Digital Passwords – Social Media Nightmare
If you are in the world of digital marketing, you are probably signed up to a rather large number of social media networks and services. Then, keeping your various online passwords known, sorted and up-to-date is a veritable nightmare. If you listen to the advice of the powers that be, every password must be different, with upper case, lower case, numbers and symbols, and they should be at least 8 if not 14 characters long. Ugh!
Keeping track of them is one thing, but then updating — for example, one that is hooked up into many 3rd party applications — is another. Think Facebook. We are encouraged to change our passwords regularly. This is no less true for our favorite BIG BLUE social media network, Facebook, especially if you want to avoid being one of the 600,000 FB accounts hacked every single day. Then, all of a sudden, when you change the Facebook password, you start to get error messages on all your linked accounts. If I were Samantha (aka Elizabeth Montgomery) on Bewitched, I’d like to wiggle my nose and have all the accounts figure out that it is still me, with my legitimate Facebook account. Facebook Connect keeps it relatively transparent, but all the same, not all password changes are all the same.

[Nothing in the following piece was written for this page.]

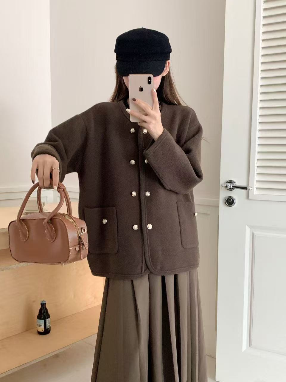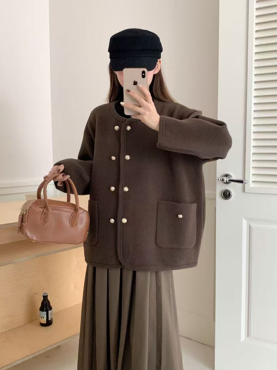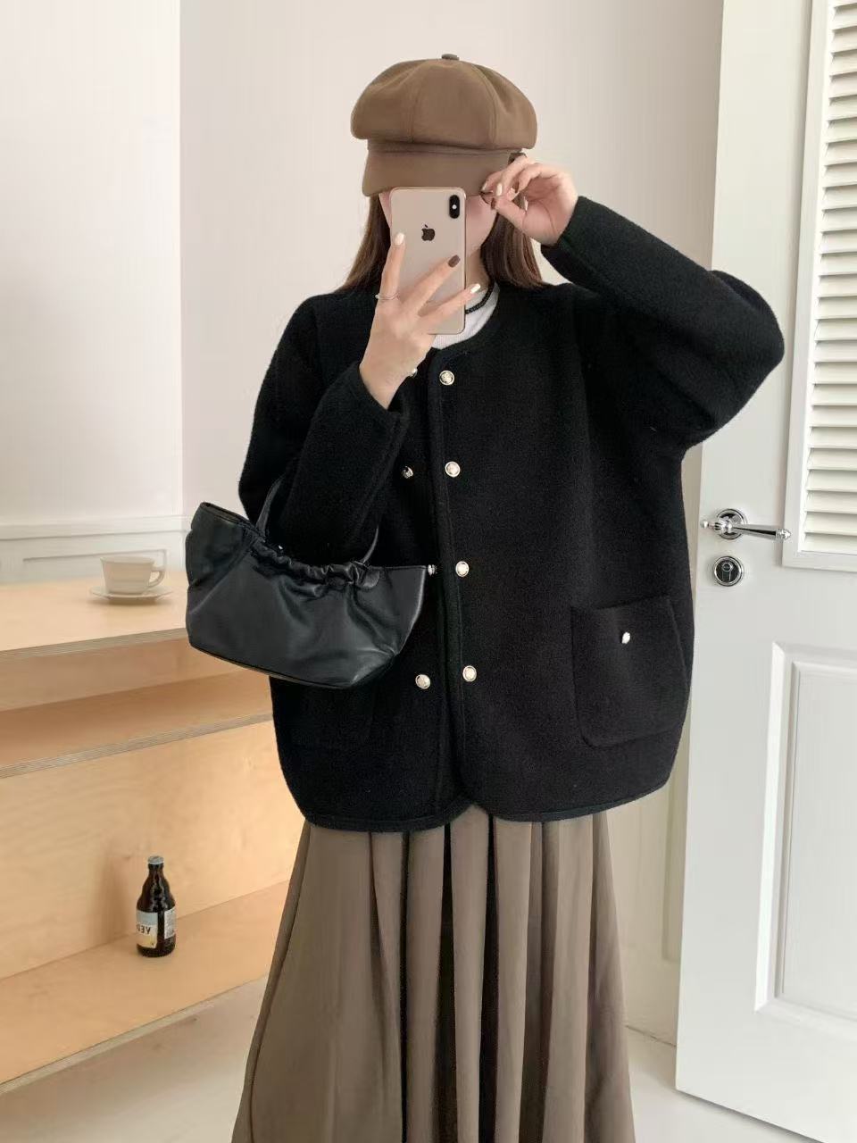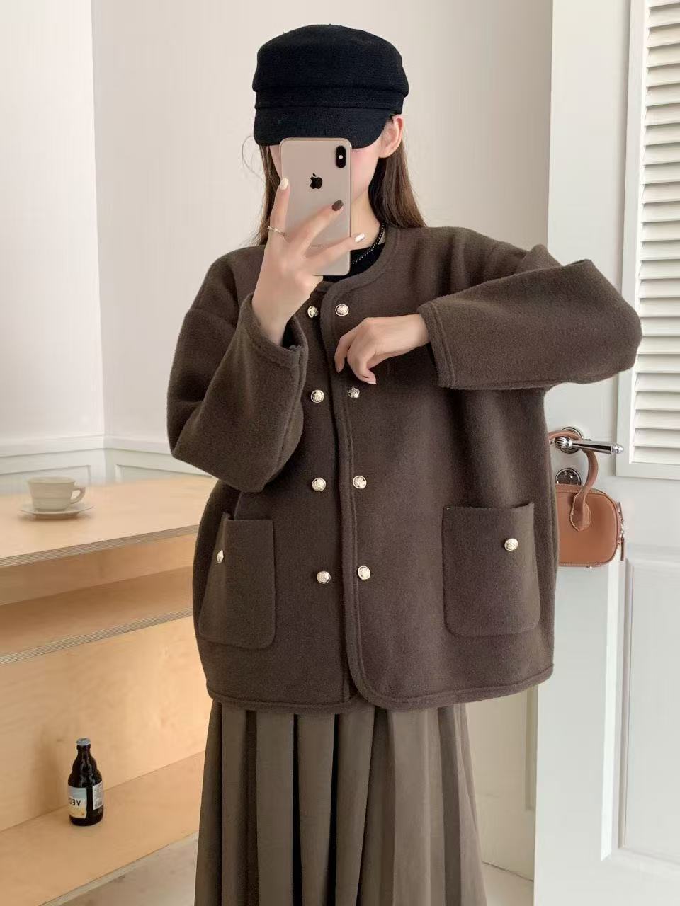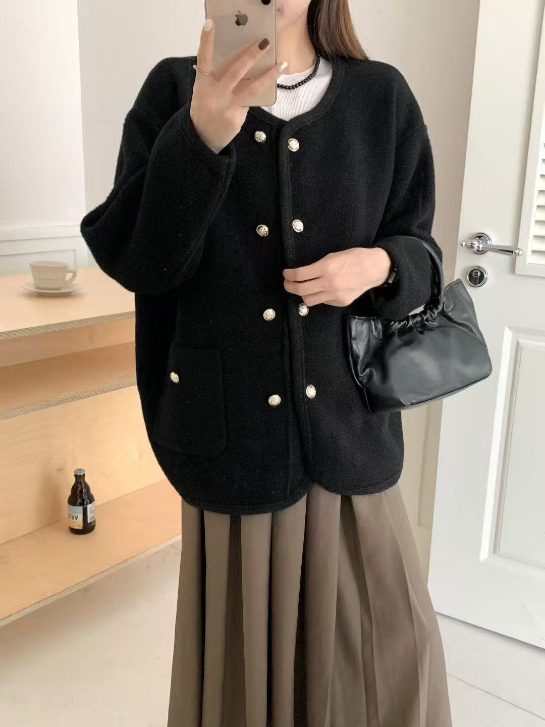 Cárdigan de punto estilo Chanel de temperamento suave coreano para mujer, nuevo otoño e invierno, holgado, perezoso, imitación de doble cara, abrigo de lana, top

Is your software version compatible?
A second common digital nightmare is the software version. If you have a document in excel, for example, that was created on one computer, with a particular version, there are far too many cases when you cannot open the same file on a different computer because of incompatible versions. Especially if you navigate between Mac and PC.
Of the two problems — password change or software version — which do you think is a worse plague on our existence? What are the best solutions?
The problem of changing passwords is really relevant. The very real need to seek ( create and remember) a password among dozens of other passwords, stresses the individual. However, it is necessary to counter the ugly brute forces out there.
Certainly, there are procedures to reduce this negative effect on users, such as password manager services, KeePass. However, in my opinion and in view of Moore's Law, the problem of password protection has no future. The capacity of human memory will not increase at the same progression as the IT microprocessor.
Regarding hesitating between Windows and Mac, you cannot give a unique solution. For example, the PC possesses the compatibility of versions. So Windows 7 can run on an obsolete PC, while Mac is deprived of this possibility. However, Mac has adopted the new technologies of protection against viruses and hackers.
Finally, the dilemma "password or passwind" is to be solved for each specific case and in the opportunity cost that the end user is willing to pay.